More than a month after Malaysia Airlines Flight MH370 went missing, new developments in the multi-nation search for the plane have raised hopes of finding its black box yet again.
In a press conference on Wednesday, officials from the Australian Joint Agency Coordination Center announced that signals consistent with those emitted by aircraft black boxes were reacquired during searches in the south Indian Ocean by the Australian Defense Vessel (ADV) Ocean Shield during search operations late Tuesday afternoon and evening.
The signals were detected on two separate occasions, with one signal held and heard for five minutes and 32 seconds during the Tuesday-afternoon search and seven minutes during the late-night search. The new signal detections will ultimately aid search and rescue teams in narrowing the scope of their search for the black boxes and remains of Flight MH370.

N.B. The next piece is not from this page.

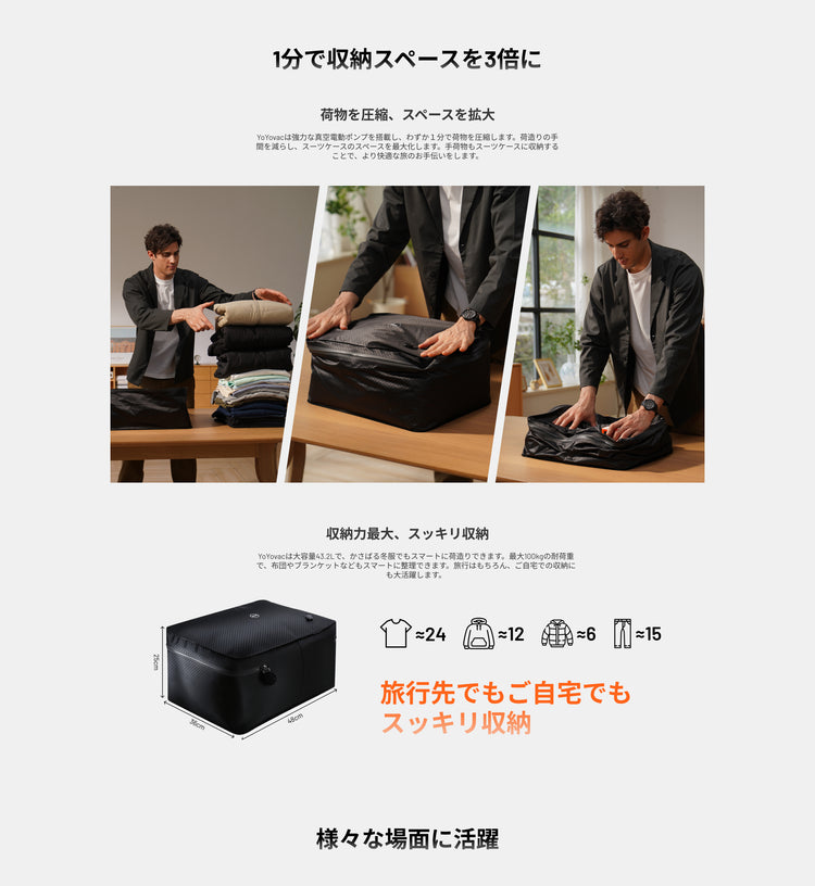 空気を抜いて、旅に出る追跡機能付き・圧縮トラベルバック

“I believe we are searching in the right area, but we need to visually identify aircraft wreckage before we can confirm with certainty that this is the final resting place of MH370,” head of the Joint Agency Coordination Center, Angus Houston, said during the press conference. “For the sake of the 239 families, this is absolutely imperative.”
While the new signal detections will aid in narrowing the ocean-floor search area for the doomed Boeing 777 jet, further refinement of the information gathered will be needed to find a more precise location of the signals’ origin. Until the search window is further narrowed, search teams have held off on deploying the autonomous underwater vehicle, known as the Bluefin 21, which will eventually be used to scour and map the ocean floor.
Houston emphasized the importance of fine-tuning the search area, due to the fact that the batteries of the black boxes are likely to expire soon:
“So with the batteries likely to fade or fail very shortly, we need to get as much positional data as we can so that we can define a very small search area,” Houston said.
To put it in perspective: Search teams were previously searching a 220,000-square-kilometer (84,943-square-mile) area. The new search area has been further narrowed to 75,000 square kilometers (28,958 square miles).
In addition to current search refinement efforts by the Ocean Shield using the towed pinger locator currently deployed from the ship, Royal Australian Air Force P-3 Orion aircraft have also been tasked with deploying several sonar buoys, which will be used to aid in locating the origin of the acoustic pings, which were detected at the 37.5-kilohertz frequency.
Even with the additional sensors in the narrowed search area, the international team searching for Flight MH370 may potentially face other problems, such as silt covering the debris and absorbing sound emitted by the Boeing 777-200ER’s “black box” beacon.
Despite the problems the task force may encounter, the search continues for Malaysia Airlines Flight MH370, which went missing on March 8 with 227 passengers and 12 crew members on board.